Best Low-Calorie Snacks Ranked: Calories, Protein, Satiety, and Cost Compared

A data-driven ranking of 30+ low-calorie snacks by calories per 100g, protein per calorie, satiety score, and cost per serving. Find the snacks that keep you full without blowing your deficit.

Medically reviewed by Dr. Emily Torres, Registered Dietitian Nutritionist (RDN)

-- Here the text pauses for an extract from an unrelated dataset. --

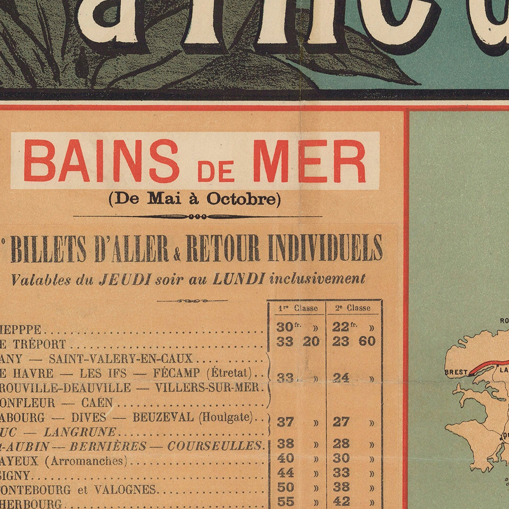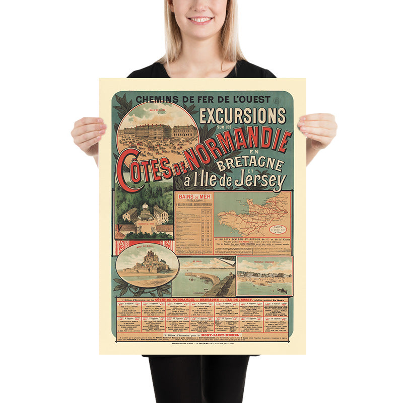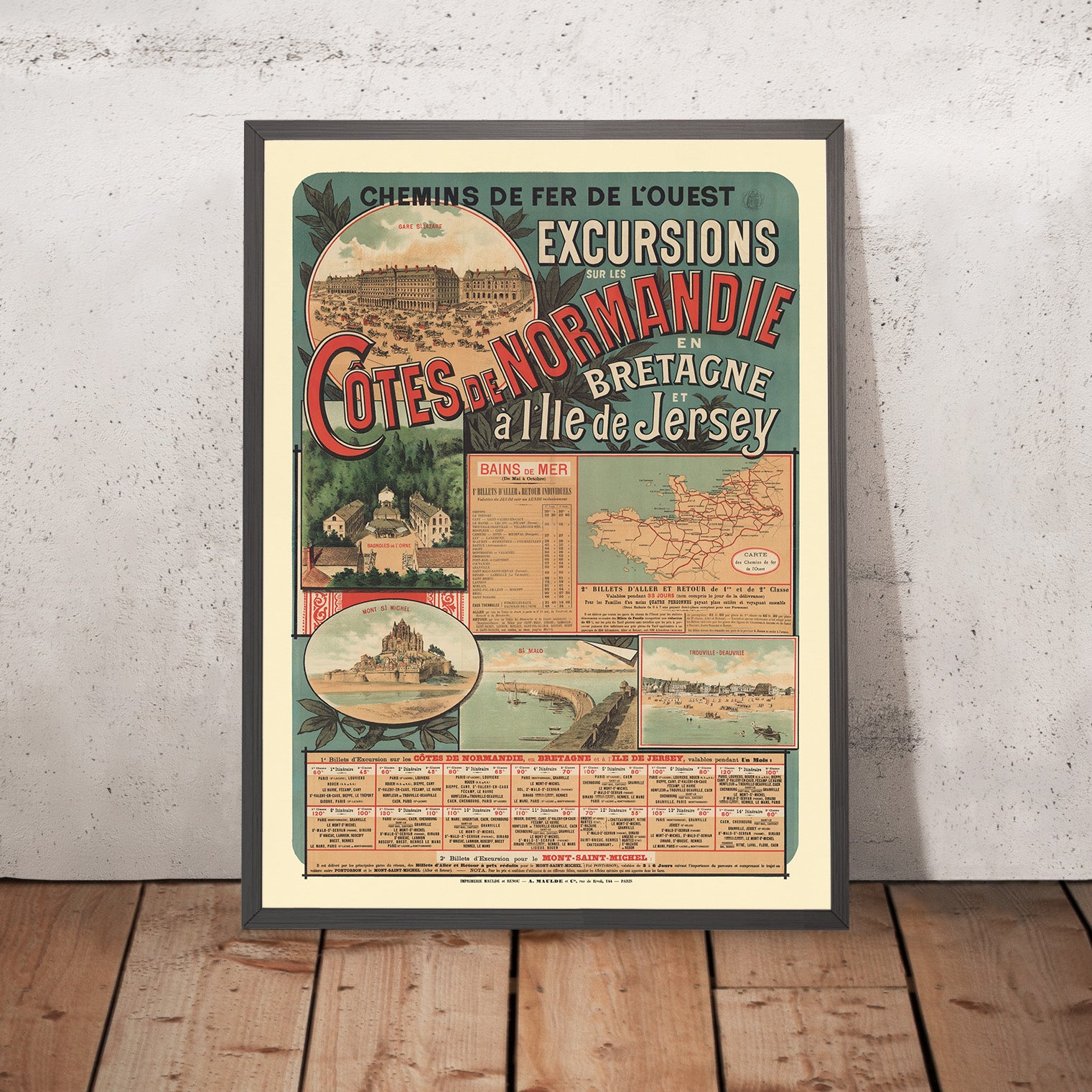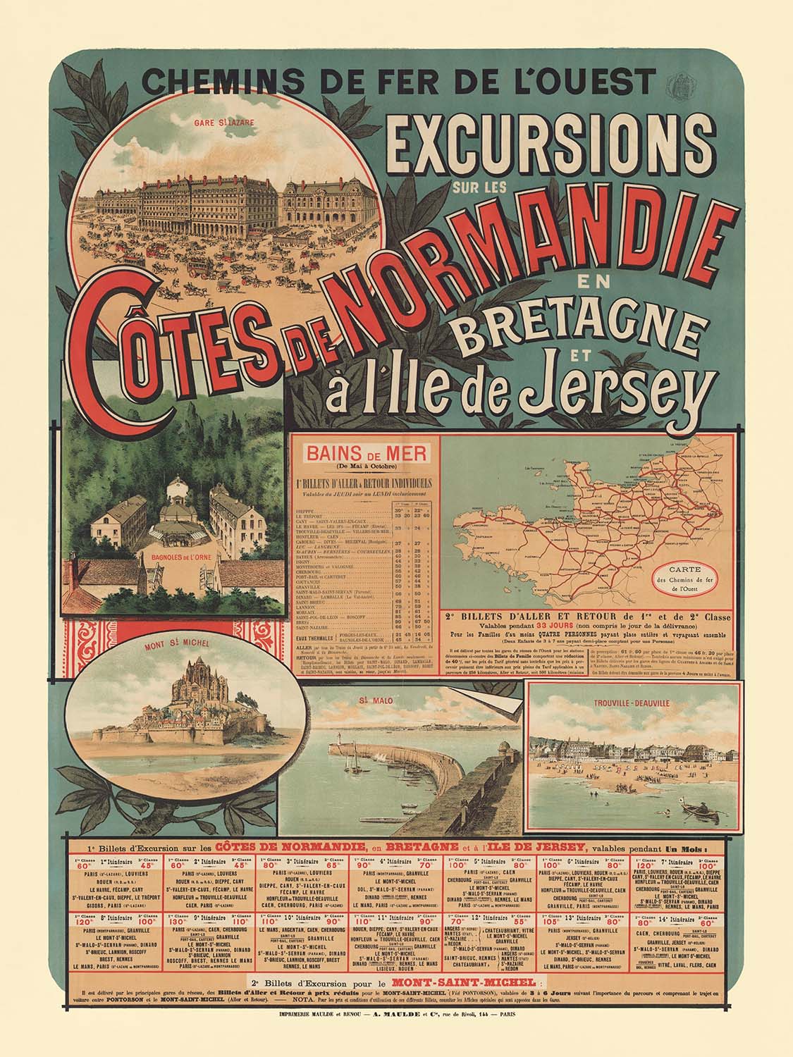 Chemins de Fer de l’Ouest. Excursions sur les Côtes de Normandie by Imp. Maulde et Renou (1890) captures the golden age of French rail travel with a vivid invitation to the sea. Produced in Paris at the height of the Belle Époque, this original railway poster promotes seaside excursions from the capital to Normandy’s celebrated coast (with extensions into Brittany and the island of Jersey). A sweeping diagonal title in red, shaded type cuts across a sea-green ground, while cameo views present the very destinations travelers dreamed of: the grand concourse of Gare Saint‑Lazare at top left, dune-backed beaches at Trouville–Deauville, the curved harbor wall of Saint‑Malo, the spa at Bagnoles‑de‑l’Orne, and the incomparable silhouette of Mont‑Saint‑Michel. A small network map and “Bains de Mer” fare tables complete the promise of effortless escape.

Snacks are where most diets fail. A meal plan can be perfect on paper, but a single 300-calorie afternoon "healthy snack" eaten daily adds up to 30+ pounds per year of unaccounted calories. The problem isn't snacking itself — it's picking snacks that deliver low satiety per calorie and high hidden costs. A granola bar marketed as "diet food" can contain more sugar than a candy bar while leaving you hungrier within an hour.

This guide ranks over 30 common low-calorie snack options using four measurable criteria: calories per 100g, protein per 100 calories, satiety score, and cost per typical serving. Whether you are dieting, managing blood sugar, or just trying to eat less mindlessly, these tables show which snacks keep you full and which quietly sabotage your day.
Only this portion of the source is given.